Mais voici qu’à l’initiative des peuples s’esquisse une autre voie. En opposant la démocratie et la liberté à toutes les formes de dictature, ces révolutions arabes ouvrent une ère nouvelle dans nos relations avec ces pays dont nous sommes si proches par l’histoire et par la géographie. Ce changement est historique. Nous ne devons pas en avoir peur. Il porte en lui une formidable espérance car il s’est accompli au nom des valeurs qui nous sont les plus chères, celles des droits de l’homme et de la démocratie. Pour la première fois dans l’histoire, elles peuvent triompher sur toutes les rives de la Méditerranée. Nous ne devons avoir qu’un seul but : accompagner, soutenir, aider les peuples qui ont choisi d’être libres. Entre l’ingérence qui ne serait pas acceptée et l’indifférence qui serait une faute morale et stratégique, il nous faut tout faire pour que l’espérance qui vient de naître ne meure pas car le sort de ces mouvements est encore incertain. Si toutes les bonnes volontés ne s’unissent pas pour les faire réussir, ils peuvent aussi bien sombrer dans la violence et déboucher sur des dictatures pires encore que les précédentes.

Nous savons ce que pourraient être les conséquences de telles tragédies sur des flux migratoires devenus incontrôlables et sur le terrorisme. C’est toute l’Europe alors qui serait en première ligne. Nous avons donc le devoir d’agir avec une ambition qui soit à la dimension des événements historiques que nous vivons. C’est pourquoi la France a demandé que le Conseil européen se réunisse pour que l’Europe adopte une stratégie commune face à la crise libyenne dont les conséquences pourraient être très lourdes pour la stabilité de toute la région.

De même l’Europe doit se doter sans tarder de nouveaux outils pour promouvoir l’éducation et la formation de la jeunesse de ces pays du Sud de la Méditerranée, imaginer une politique économique et commerciale pour favoriser la croissance de ces jeunes démocraties qui veulent naître.

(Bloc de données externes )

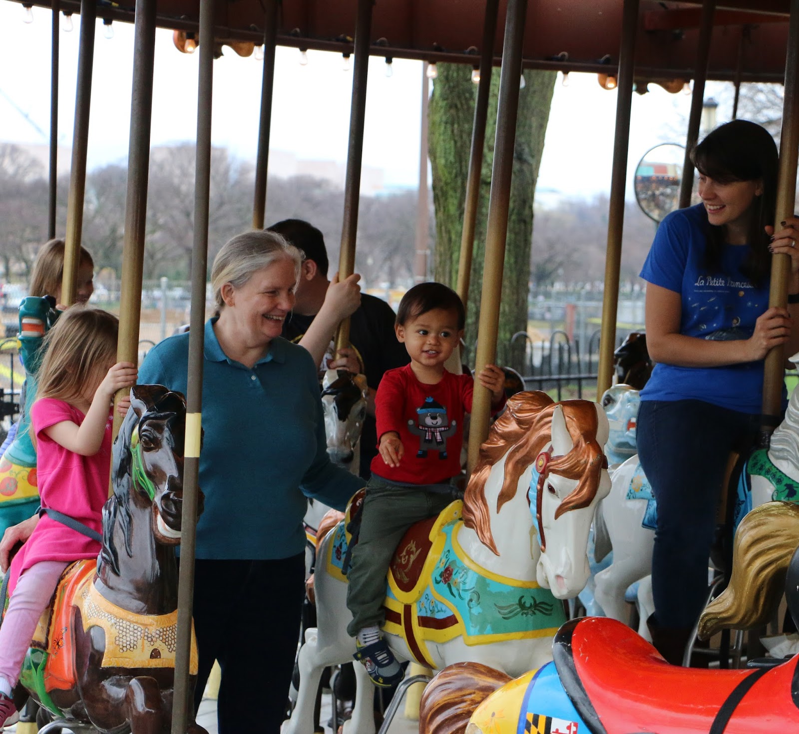 During our trip we even had the opportunity to go into DC for a day to check out a new section of the Museum of American History. We rode the Metro (or, “train!”) and B was over the moon. Though he loved the train ride and the museum, the highlight for me was taking him and the cousins with my brother to ride the carousel on the National Mall that we used to ride when we were little. B has always been a big fan of watching, never riding the carousel, but that day he changed his mind. He got on the horse by himself and smiled ear to ear the whole time. My big boy.
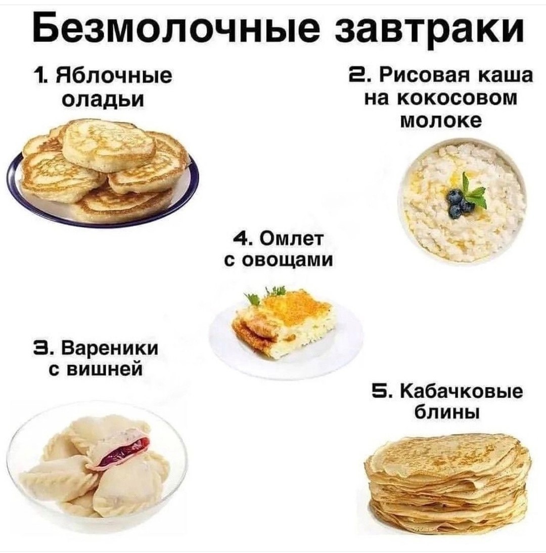 Добрый день, дорогие друзья 🌷 Сегодня делюсь с вами сразу несколькими простыми и удачными идеями для завтрака. Такие блюда выручают, когда хочется приготовить что-то сытное, домашнее и без лишних хлопот 💛 Получается очень вкусно, а продукты самые простые, а результат радует ✨ Можно выбрать вариант на любой вкус — и сладкий, и более сытный, и даже с овощами для всей семьи. Блюдо: безмолочные завтраки Ингредиенты: — яблоки — 2 шт. — рисовая мука — 5 ст. л. — яйцо — 1 шт. — сахар или сахарозаменитель — по вкусу — рис — 50 г — вода — 100 мл — кокосовое молоко — 200 мл — соль — по вкусу — вишня — 300 г — мука пшеничная и цельнозерновая — 350 г — вода — 200 мл — брокколи — 50 г — помидор — 1/2 шт. — кабачок — 1/2 шт. — яйца — 3 шт. — мука рисовая, овсяная или цельнозерновая — 200 г Пошаговый рецепт: Шаг 1: Для яблочных оладушков натрите яблоки на мелкой тёрке, добавьте яйцо, рисовую муку и сахар по вкусу. Всё хорошо перемешайте и жарьте небольшие оладьи на сковороде, смазанной каплей м

L’Union pour la Méditerranée, fondée à l’initiative de la France le 13 juillet 2008, doit permettre à tous les peuples de la Méditerranée de bâtir enfin une destinée commune. Le moment est venu de refonder cette Union à la lumière des événements considérables que nous vivons. La France fera des propositions en ce sens à ses partenaires.

Mon devoir de Président de la République est d’expliquer les enjeux de l’avenir mais tout autant de protéger le présent des Français. C’est pourquoi, avec le Premier Ministre François Fillon, nous avons décidé de réorganiser les ministères qui concernent notre diplomatie et notre sécurité.

Alain Juppé, ancien Premier ministre, homme d’expérience qui a déjà exercé ces fonctions avec une réussite unanimement reconnue sera Ministre des Affaires étrangères. Pour le remplacer au ministère de la Défense, j’ai choisi Gérard Longuet, lui aussi homme d’expérience. J’ai souhaité dans le même temps confier la responsabilité de ministre de l’Intérieur et de l’Immigration à Claude Guéant qui m’a accompagné depuis neuf ans dans toutes les responsabilités que j’ai exercées, en particulier au ministère de l’Intérieur dont il connaît tous les rouages et dont il a occupé tous les postes de responsabilité.

Ainsi les fonctions régaliennes de l’État se trouveront-elles préparées à affronter les événements à venir dont nul ne peut prévoir le déroulement.

Mes chers compatriotes, c’est mon devoir de prendre les décisions qui s’imposent quand les circonstances l’exigent. Je connais vos attentes qui sont grandes à juste titre. Je me suis engagé à moderniser la France pour que notre modèle survive à tous les changements si brutaux de ce début du XXIème Siècle. Pour obtenir les résultats que vous attendez et que nous obtiendrons, je me dois de ne faire prévaloir aucune autre considération que le souci de l’efficacité et de l’intérêt général dans le choix de ceux auxquels sont confiées les plus hautes responsabilités de l’État.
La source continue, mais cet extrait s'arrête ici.